Rabenmütter – oder doch nicht?

Unsere Redaktorin Dagmar Schräder schreibt über die grossen und kleinen Dinge des Lebens. Heute darüber, was sie von einer echten Glucke unterscheidet.

Dagmar Schräder bringt ihre Gedanken aufs Papier. (Foto: dad)

Ich teile an dieser Stelle nochmal meine Muttergefühle mit Ihnen. Denn manchmal ist es doch echt hart, Mutter zu sein. Nicht nur, weil frau mit dem Heranwachsen der Kinder die Gesprächspartner*innen in der eigenen Wohnung so langsam ausgehen, ich hatte ja schon mal über die sprechenden Wände berichtet. Sondern auch, weil es manchmal so richtigen Herzschmerz verursacht, wenn einem die Kinder das Gefühl vermitteln, die bedingungslose Liebe, die man gegenüber ihnen empfindet, nicht mehr ganz so zu erwidern, wie man es gewohnt war.

Die gefühlt ersten 100 Male, als ich diese Erfahrung gemacht habe, habe ich geheult wie ein Schlosshund. Mich im Badezimmer eingesperrt oder in der Küche laute Musik laufen lassen und mich dazu äusserst genüsslich in meinem Selbstmitleid gesuhlt. Was hatte ich nur für undankbare Kinder. Schliesslich hatte ich nun die besten Jahre meines Lebens investiert, um die Jungbrut aufzuziehen, sehr viel Energie, Zeit, das gesamte Geld und unendlich viel Zuneigung in sie hineingesteckt, und was tut diese, kaum ist sie den Windeln entwachsen und in der Lage, sich selbst Spaghetti mit Tomatensauce zuzubereiten?

Sich schlecht benehmen. Abends spät und immer später nach Hause kommen und dann noch mit Unverständnis darauf reagieren, wenn man sich Sorgen darüber macht. Überhaupt genervt sein, wenn Mutter nachfragt, was im Leben gerade so abgeht. Schlecht gelaunt durch die Wohnung poltern, weil der Kühlschrank nicht ausreichend oder mit den richtigen Dingen gefüllt ist.

Nett und freundlich gibt’s natürlich auch noch, vor allem dann, wenn die Kleinen Geld für Aktivitäten brauchen, die eigentlich nicht im Budget sind. Aber Achtung, diese Nettigkeit ist in der Regel nicht besonders nachhaltig, sondern verfliegt auch sehr schnell wieder. Viel nachhaltiger ist dafür die Fähigkeit der Jugend, jegliche Bitte, die von Mutterseite kommt, gekonnt durch Ignoranz zu boykottieren.
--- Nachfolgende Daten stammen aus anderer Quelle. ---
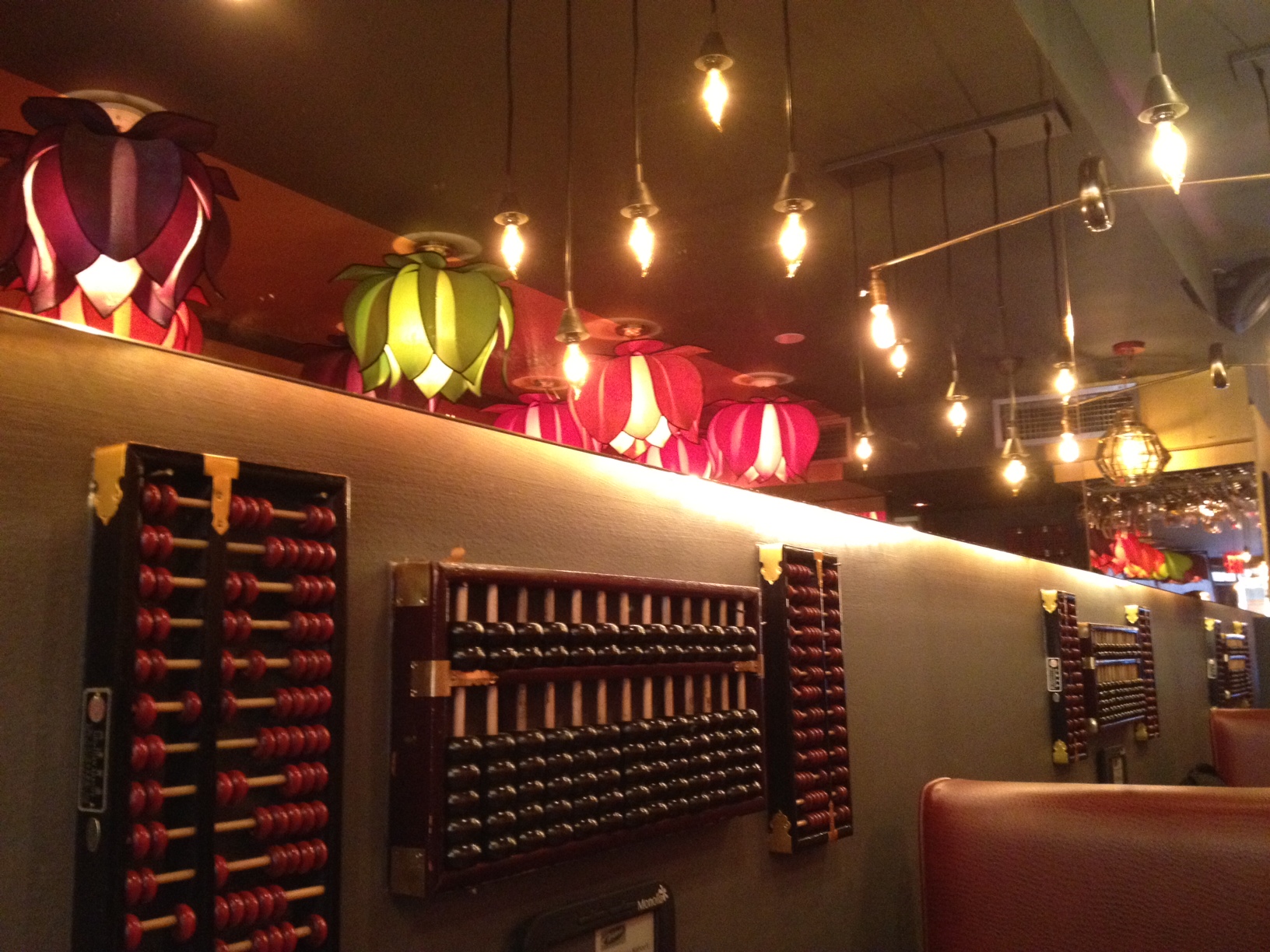 When my friend and I sat down to order, I was totally taken by the décor of Singapura. I am not sure it really all goes together, but I loved the abacuses/abaci (Wikipedia says both are correct) mounted on the walls, the exposed light bulbs, and the multi-colored lotus lanterns.

Wenn das kein Grund für Sentimentalität ist. Zwar habe ich mittlerweile das Schlosshundgeheule erfolgreich abgelegt. Aber dennoch: In solchen Momenten beneide ich manchmal meine Hühner um ihre Lebensführung. Und nicht nur die Hennen, überhaupt alle Tiermütter. Denn die entscheiden einfach irgendwann – und zwar ziemlich lange bevor der Nachwuchs zwanzig wird –, dass jetzt genug ist mit dem Kinderkram. Und dann sind sie alles andere als zimperlich. Die sprichwörtlichen Glucken werden plötzlich zu Zicken und picken ihre Küken, die unter den mütterlichen Flügeln noch ein wenig Wärme und Nähe suchen, erbarmungslos weg. Ziemlich hart für die Kleinen. Aber aus Sicht der Mütter ziemlich gesund. Die können sich dann nach ein paar Monaten schon wieder ihrem eigenen Leben widmen. Und die Kleinen erholen sich schnell von dem Schock und gehen ihren Weg.

Was heisst das nun für mich? Ich wollt, ich wäre ein Huhn? Natürlich nicht. Dafür bin ich viel zu gefühlsduselig. Und eigentlich ist das schon gut so: Denn anders als meine Hühner werde ich dafür auch immer wieder belohnt – mit ganz wunderbaren Glücksmomenten mit den heranwachsenden Kindern. Da ist der Kummer schnell vergessen.